In 1982, America experienced renewed commercial success with the hit album View From The Ground. Two of the tracks on that album, including the Top 10 single "You Can Do Magic," were written and produced by Russ Ballard. Desiring to maintain their commercial momentum, Gerry Beckley and Dewey Bunnell turned to Ballard once again, this time to produce their entire follow-up album.

Beckley and Bunnell began work on the new album by trading songs with Ballard. The recording sessions, however, did not end up as planned. Beckley recalls:

"We thought we were involved in the process, but [when] we got over to London, [Ballard] had cut a lot of the songs that we had nixed, and it became apparent that it was going to be a kind of 75/25 thing, where most of the songs were going to be his.  So we were very removed from this album.  We did our best to sing these songs as good as we could, but even on the songs we wrote, he basically played all the instruments."
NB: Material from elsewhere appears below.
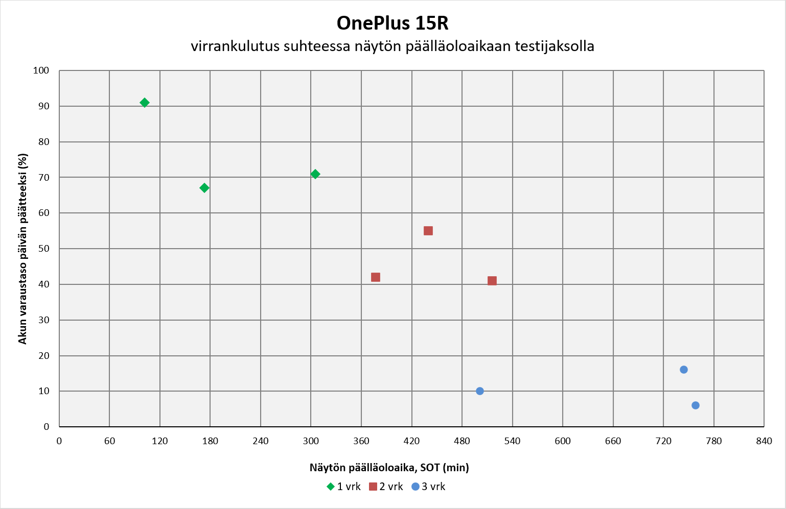 Kokonaisuudessaan OnePlus 15R on varsin laadukas paketti ja monilta osin parannus viime vuoden 13R:ään nähden, mutta ei kuitenkaan täydellinen. Akunkestoa ja suorituskykyä kaipaavalle se on oivallinen valinta, mutta kameraominaisuuksia tai mahdollisimman pitkää käyttöikää painottavan ostajan tulisi harkita myös kilpailijoiden malleja.

This time around, it was America's input with Ballard that led to a hit single. One of the songs written by Ballard, called "The Border", had potential, but Bunnell was dissatisfied with its lyrics.  "Because he was very British, [Ballard] had used some cliche lyrics that, to us as Americans, sounded incongruous," Bunnell remembered.  "He was trying to get a desperado-type feel but used words like Pasadena.  The lyrics just didn't get the whole border thing and that Mexicali feel that he was envisioning.  I asked to rewrite it, and he was receptive, so I wrote a story about running away and trying to escape something."
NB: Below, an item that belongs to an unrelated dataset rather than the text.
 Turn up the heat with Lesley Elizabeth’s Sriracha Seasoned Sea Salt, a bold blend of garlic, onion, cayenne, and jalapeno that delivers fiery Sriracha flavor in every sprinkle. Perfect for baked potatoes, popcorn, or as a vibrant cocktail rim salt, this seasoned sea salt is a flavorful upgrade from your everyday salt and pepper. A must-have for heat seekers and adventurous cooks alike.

The album included a number of Ballard-penned ballads, including "She's A Runaway," "Tonight Is For Dreamers," "Honey,"  and "Don't Let Me Be Lonely," along with the upbeat "My Kinda Woman."  "Cast The Spirit," which had originally appeared on Ballard's 1978 album At The Third Stroke, was a more hard-edged entry.  Bearing lead vocals by Bunnell, it became the album's second single, but failed to make a dent in the charts.

Bunnell's sole composition for the album was the psychedelic-tinged "My Dear." The album ended with "Someday Woman," an acoustic-driven track written by Beckley, Bill Mumy, and Robert Haimer.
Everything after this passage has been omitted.